Use any economic indicator you want. I won't provide a metric for "negative economic effect" because I leave that up to the debater. You can choose your own metric, but you will need to defend why it is a better metric than the ones I will use.

Metrics should be used up to the date when this debate is accepted. When I say "so far" I mean up to the time when someone accepts this challenge.

Round 1
Pro
#1
Thanks for accepting Con, I look forward to a fun and professional debate!

To start, I'll define my terms a little by listing exactly what Tariffs Trump has imposed during his second term. Remember, I'm only going to be using Tariffs and metrics up to April 12 as that's about when this debate was accepted.

On April 5th the first of the big ones hit with Trump announcing a baseline Tariff of 10% on all imports to the U.S. Then there were "Reciprocal Tariffs" placed on many other countries. These differed country to country (Between 11% and 50%) and were designed to close our trade deficit with these countries.  China specifically also got a 145% Tariff rate place on it too. Steel and aluminum were also taxed across the board at 25% as were auto parts from Mexico and other countries. [1]

That's the oversimplified version, but it should be enough for our purposes. If you dispute any of that information we can debate that too, but there really isn't much to dispute. With that done I'll move on to my arguments.

Tariffs in general have two major problems, they don't do what they're supposed to, and they do what they aren't. Most supporters of Tariffs agree that Tariffs have side effects, but make the claim that they're worth the benefits. The only problem is that there are no benefits. Tariffs don't bring manufacturing back home, and they don't support American businesses. However most of that stuff is in the long term, so I'll focus on the side effects for now.

Immediate Consequences of Tariffs


The Stock Market

This one is an obvious section to be included in my debate, and we all know what happened here, so I'll make it short. Since the beginning of 2025 the S&P is down 10%, and the Dow is down 8%  compared to relative highs previous to Tariff announcements. Tech was hit especially hard too as the Nasdaq dropped 16%. And that's longer term, spanning all the way from January. The day after "Liberation Day" specifically the Nasdaq lost 1,600 points, S&P lost 6.65% and the Dow lost 1,679 points. These numbers speak for themselves, there's no analysis necessary.

Burden on Consumers

Since we are a global economy and we rely on each other, Tariffs increase prices on all goods. Though the label might say that it was made in country X, the materials could come from county Y, and they were put together in country Z. Increasing Tariffs makes prices on foreign goods soar, and domestic goods too. It's extremely difficult and necessary to produce something completely in the U.S. which makes even domestic goods increase in price. 

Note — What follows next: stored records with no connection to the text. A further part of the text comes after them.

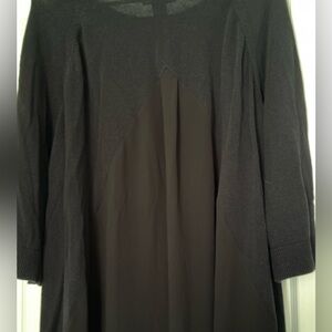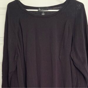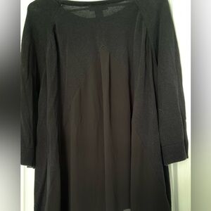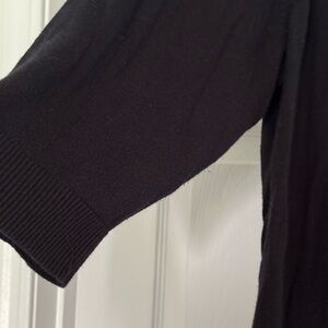 Elegant black crew neck sweater. Features a high-low hem. Perfect for versatile styling. ✨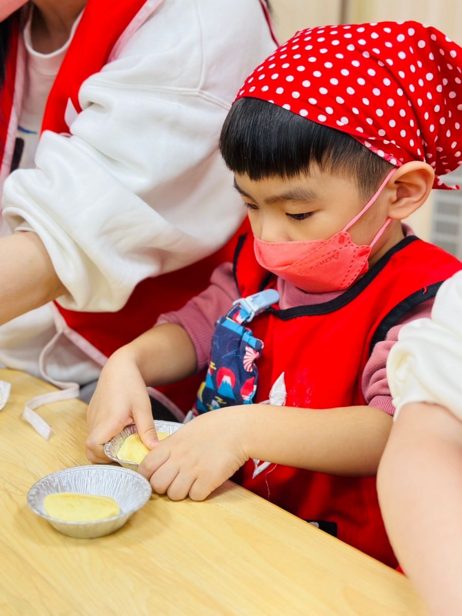 今日的飲食教育-幸福廚房-歡慶兒童節-巴斯克乳酪蛋糕,崇德的小寶貝們順利完成蛋糕任務!祝福寶貝們兒童節快樂唷!
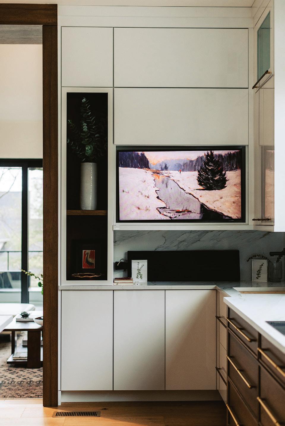 The kitchen, designed by Cucina Hand Crafted Kitchens, is at the center — and the heart — of the home. Large and modern, the cabinetry and wood accents are made from a dark walnut, which perfectly plays off the white stone countertops designed by Counter Culture.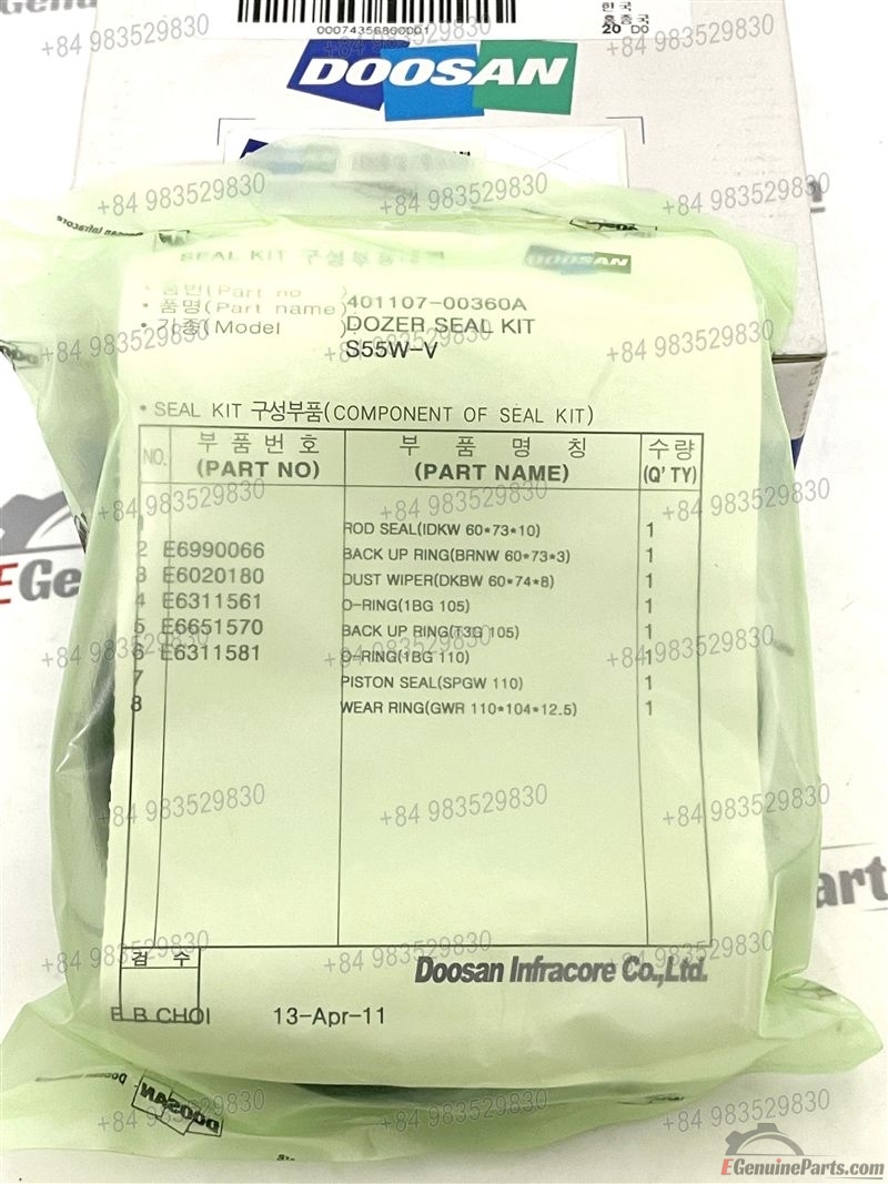 SEAL KIT;DOZER CYLINDER FOR DOZER CYLINDER DOOSAN SOLAR 55W-V / SOLAR 55W-V SUPER / SOLAR 55W-V GOLD PLUS (HEWU0,DI,DOM).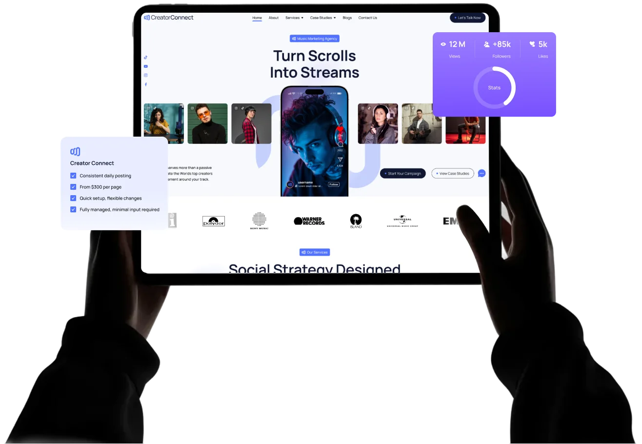 We built a bold, conversion-led website experience for Creator Connect that strengthens credibility and guides artists and partners toward faster action.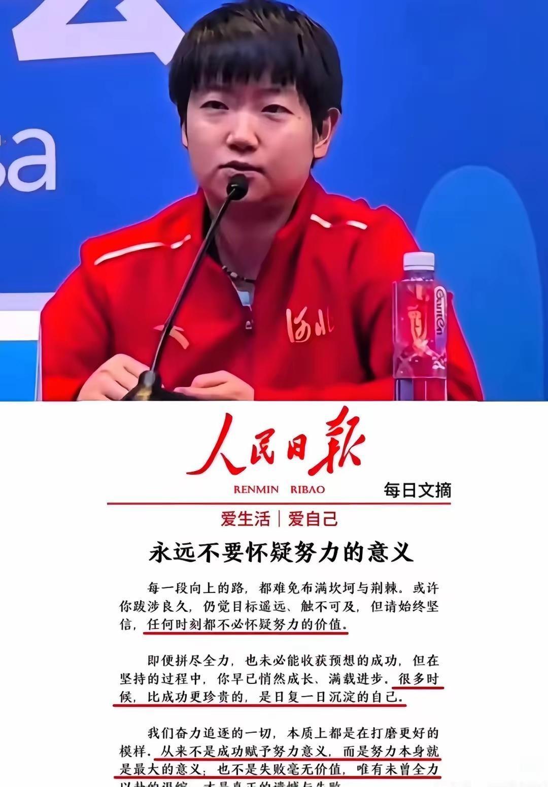 谁懂啊!孙颖莎谈洛杉矶奥运会的发言真的戳中人心,这份清醒通透远比金牌更动人。 见过巅峰荣耀也扛过失利低谷,哭过笑过仍能放平心态,不把奥运金牌当唯一执念,这份松弛感才是顶级运动员的内核底气。常年稳坐世界第一,从没想过名次是负担,反而懂得卸下执念轻装上阵,这份格局早已超越胜负本身。 两世乒赛单打冠军、两世界杯单打冠军,还有奥运混双金牌加身,她的优秀从来不是靠一块奖牌定义的,每一次全力以赴的拼搏,每一次从容面对输赢的态度,都早已证明自己无可替代。 真正的强者从不会被结果绑架,而是在热爱里坚定前行,这样的孙颖莎怎么能不被偏爱?你被孙颖莎的通透心态打动了吗?评论区说说你的看法~
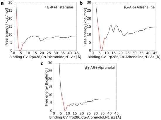 Free energy as a function of the binding CV calculated from the multiple walker metadynamics simulations. In each graph, the global minimum was set to zero. The part of the curve, for which the CV difference CV to the minimum is less or equal to 3 Å, is colored in red. (a) Histamine in complex with the H1 receptor, (b) adrenaline, and (c) alprenolol both in complex with the adrenoceptor.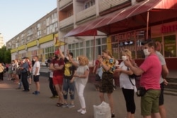 У раёне Грушаўка ў Менску людзі таксама выйшлі падтрымаць кандыдатаў. Шчыльны ланцуг выстраіўся ад мэтро Грушаўка да ДАІ — гэта пару кварталаў.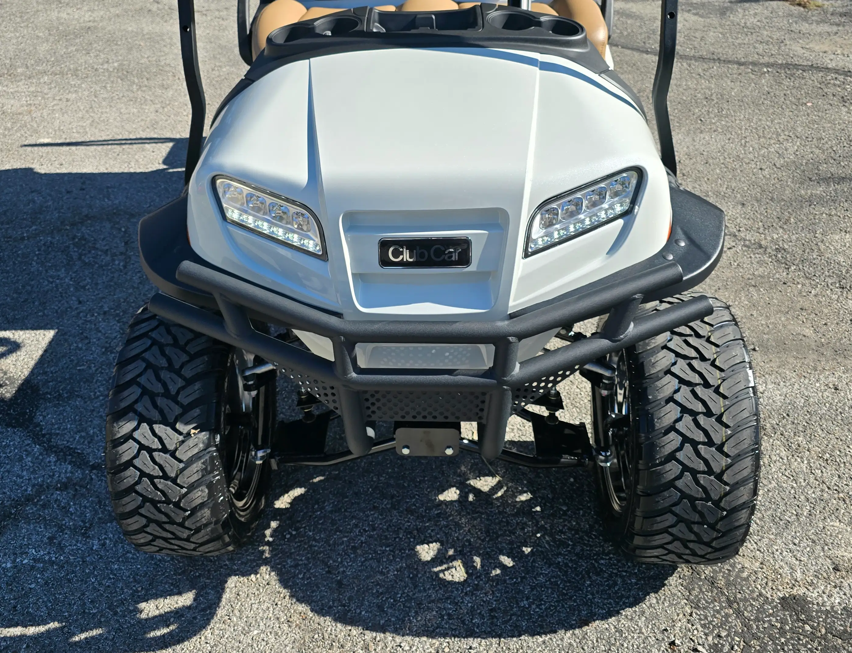 This 4-passenger golf cart features a robust 29 hp peak motor, an impressive 3.1 kWh Lithium-Ion battery, and highlights like LED lighting and a factory lift kit for enhanced performance.

To give some numbers, prices have risen on average 2.3% with much bigger spikes in the textiles and motor industries (17% and 8.4% respectively). Household purchasing power has dropped by an average of $3,800 which affects the entire economy too, as less consumer spending equals less market growth. [2]

Macroeconomic Consequences

On a much bigger scale, real GDP has declined 0.9 percentage points since the start of the year which was way off from past estimates. Our economy has shrunk 0.6% contributing to a loss of 160 billion dollars annually. Exports have fallen about 18%, Unemployment has sunken 0.6, and we've lost 770,000 jobs on payroll. The economy is complex, and every metric affects other metrics. Each number going down doesn't just mean one consequence for all of us, it means an entire ripple effect on our economy. [2]

Retaliation

Trump can call his Tariffs "Retaliatory" all he wants, but it's not going to be true. Meanwhile other countries are the ones really acting in self defense, and everyone is paying the price. China has hit back hard with 125% across the board on America causing severe export losses. U.S. exports are down roughly 16% due to this. [3] Sectors such as Agriculture, Manufacturing, Automobiles, Steel, and Aluminum, though everyone is feeling the effects.

Summary

I know it's cliche to say that the numbers don't lie, but the numbers don't lie. Some economic actions hurt one sector of the economy while raising another, and it's possible to argue that these trade-offs are necessary. However with Tariffs, it's simple. Everything goes down, everyone hurts. Nobody wins in trade wars.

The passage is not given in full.